Prompt and accurate diagnosis of malaria is the key to prevent disease morbidity and mortality. This study was carried out to evaluate diagnostic performance of 3 commercial rapid detection tests (RDTs), i.e., Malaria Antigen Pf/Pan$^{TM}$, Malaria Ag-Pf$^{TM}$, and Malaria Ag-Pv$^{TM}$ tests, in comparison with the microscopic and PCR methods. A total of 460 blood samples microscopically positive for Plasmodium falciparum (211 samples), P. vivax (218), mixed with P. falciparum and P. vivax (30), or P. ovale (1), and 124 samples of healthy subjects or patients with other fever-related infections, were collected.
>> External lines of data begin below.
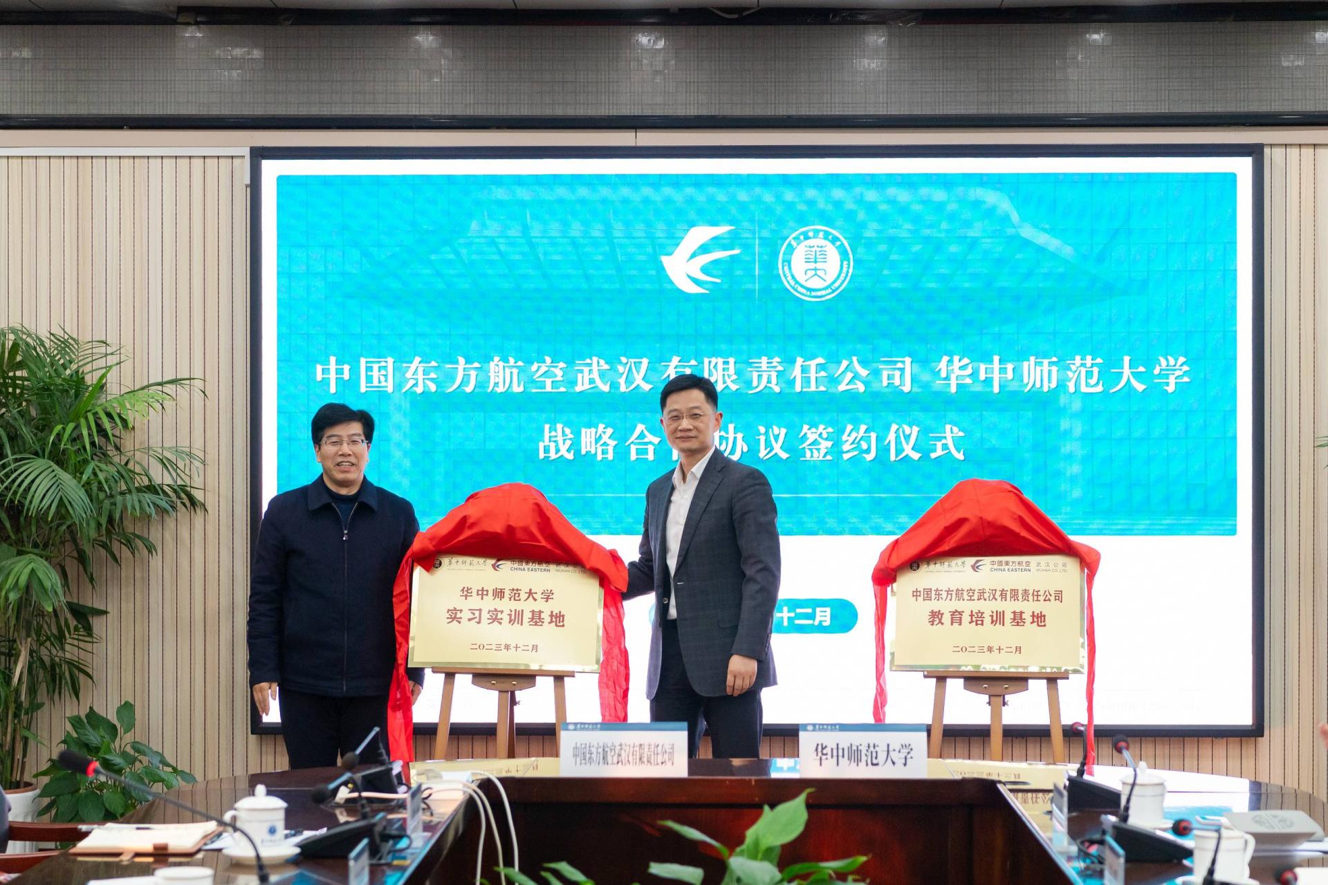 李良斌与彭双阶代表双方单位为中国东方航空武汉有限责任公司教育培训基地、开云网页版登录入口实习实训基地揭牌。
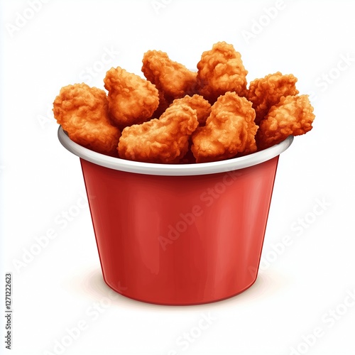 A realistic illustration of a bucket filled with crispy, golden fried chicken on a clean white background.
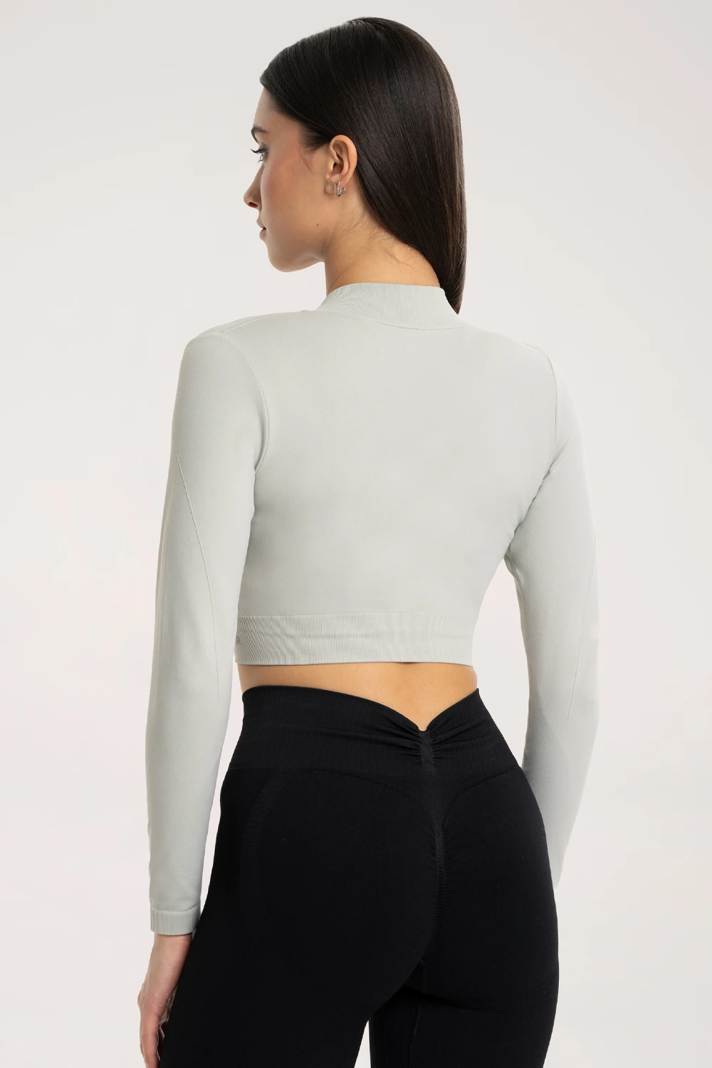 Bluză fără cusături, cu fermoar și mâneci lungi - o îmbinare a stilului modern cu mularea și funcționalitatea.
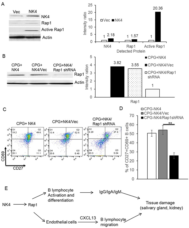 (A) Naïve B cells were transfected with empty vector or NK4, NK4 and Rap1 protein were measured using western blotting. For detection of Rap1 activity, the protein was measured with activated Rap1 antibody, after IP, according to the Rap1 activity measuring protocol. The band intensities of WB were analyzed using imageJ software. The intensity ratios were calculated. (B) Rap1 protein was detected via western blotting, after naïve B cells were transfected with NK4 in the presence of empty shRNA or Rap1a shRNA for 6 days. Both representative WB results and their band intensity ratios were shown. (C) CD69 and CD27 expression on B cells above (B) were also measured. (D) graph data are from three independent experiments. *, P<0.05, **p<0.01. (E) One diagram of putative signaling pathway, by which NK4 regulates B cell differentiation and further induce autoimmune phenotypes such as tissues damage via upgrading Rap1 activity.
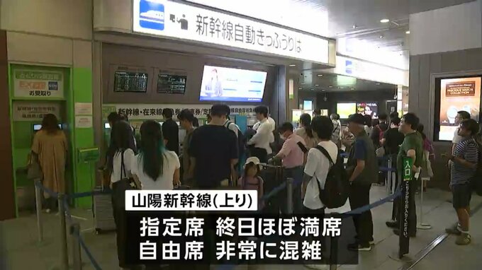 JR西日本によりますと、岡山から東京までの新幹線の指定席は終日ほぼ満席、自由席も非常に混雑しているということです。
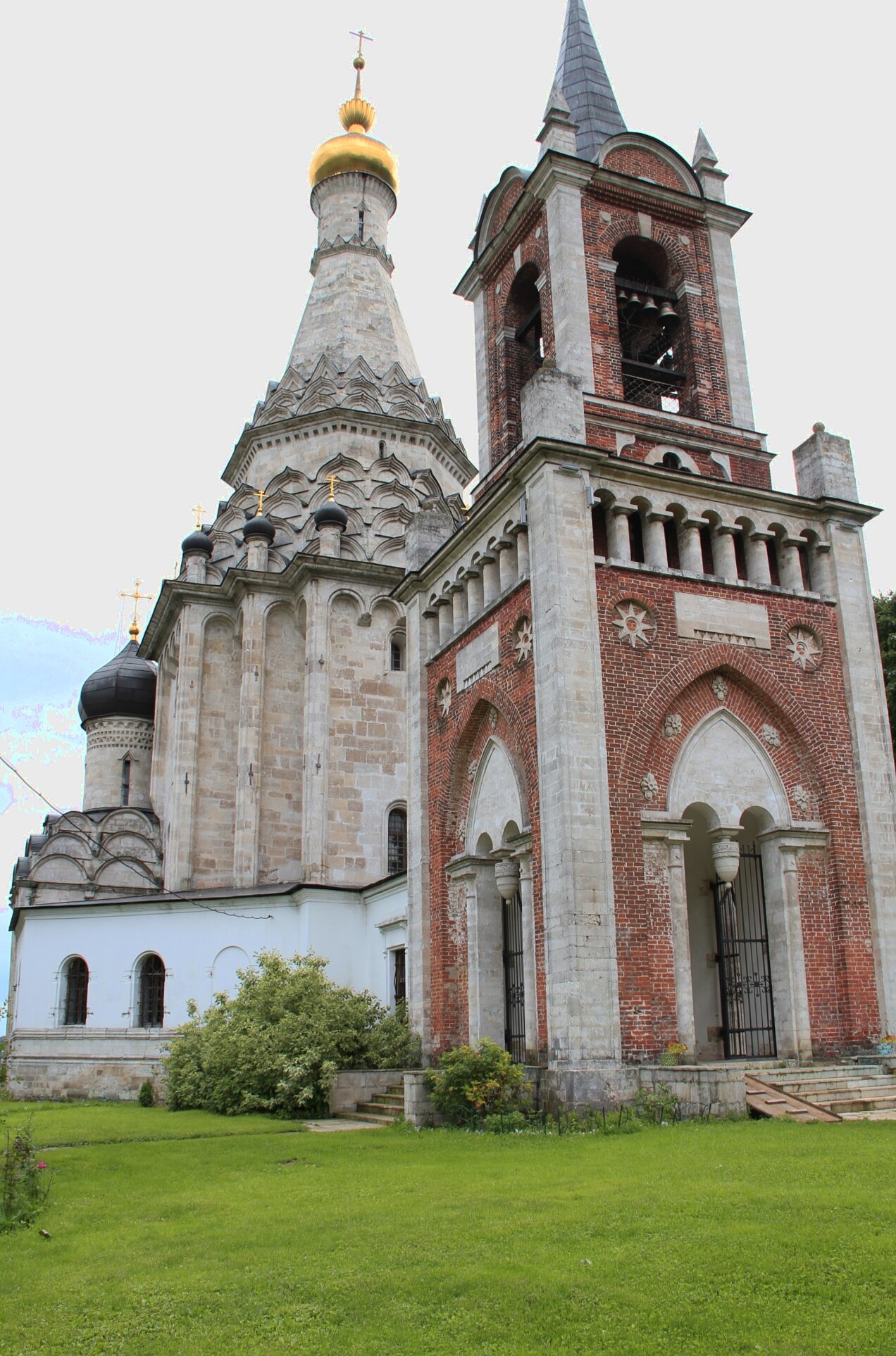 На представленной фотографии запечатлён выдающийся памятник русской церковной архитектуры — храм Преображения Господня, расположенный в селе Остров Ленинского района Московской области. Этот величественный шатровый храм, возведённый в конце XVI века, является одной из старейших каменных построек Подмосковья и объектом культурного наследия федерального значения.
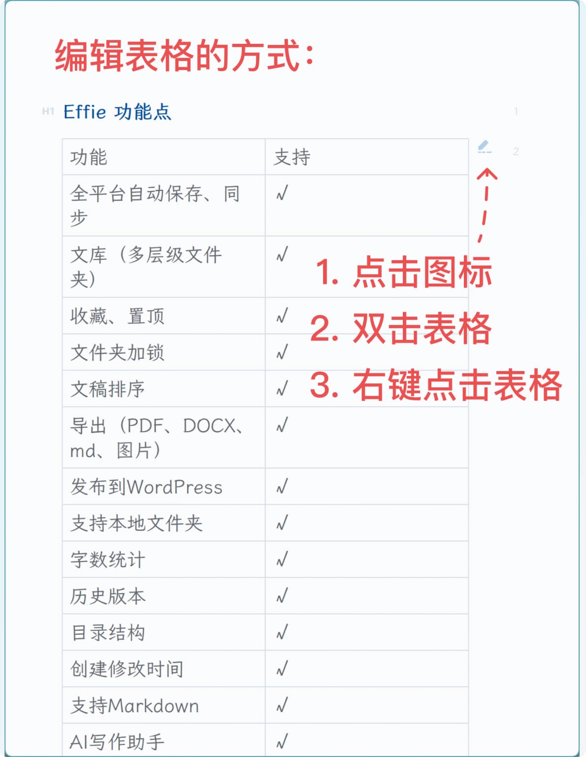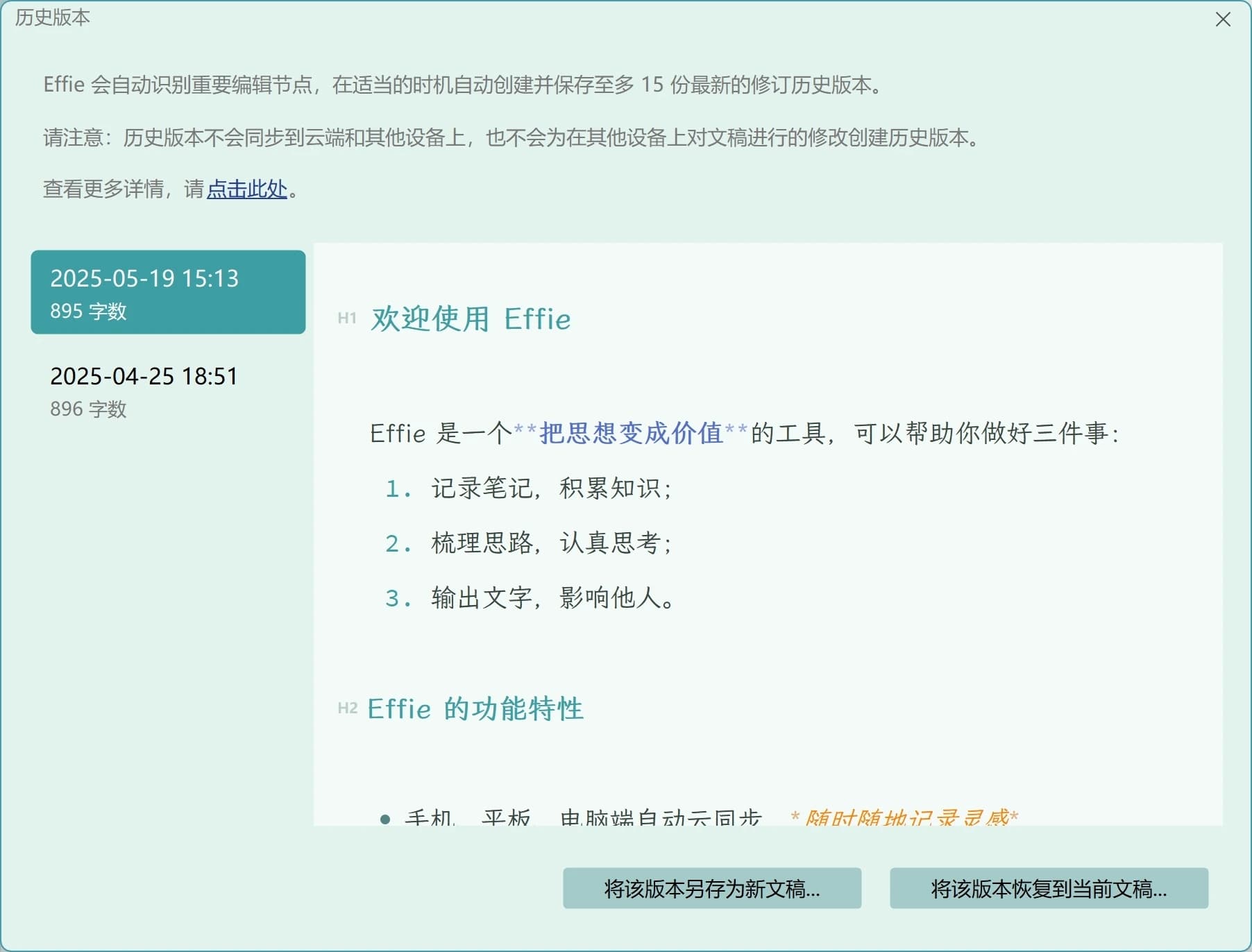 Effie集多种利器于-身,三栏式文稿管理,云端存储,跨平台支持,多格式导出。让你犹如站在崇山峻岭

The sensitivities of Malaria Ag-Pf$^{TM}$ and Malaria Antigen Pf/Pan$^{TM}$ compared with the microscopic method for P. falciparum or P. vivax detection were 97.6% and 99.0%, or 98.6% and 99.0%, respectively. The specificities of Malaria Ag-Pf$^{TM}$, Malaria Ag-Pv$^{TM}$, and Malaria Antigen Pf/Pan$^{TM}$ were 93.3%,98.8%, and 94.4%, respectively. The sensitivities of Malaria Ag-Pf$^{TM}$, Malaria Antigen Pf/Pan$^{TM}$, and microscopic method, when PCR was used as a reference method for P. falciparum or P. vivax detection were 91.8%, 100%, and 96.7%, or 91.9%,92.6%, and 97.3%, respectively. The specificities of Malaria Ag-Pf$^{TM}$, Malaria Ag-Pv$^{TM}$, Malaria Antigen Pf/Pan$^{TM}$, and microscopic method were 66.2%, 92.7%, 73.9%, and 78.2%, respectively. Results indicated that the diagnostic performances of all the commercial RDTs are satisfactory for application to malaria diagnosis.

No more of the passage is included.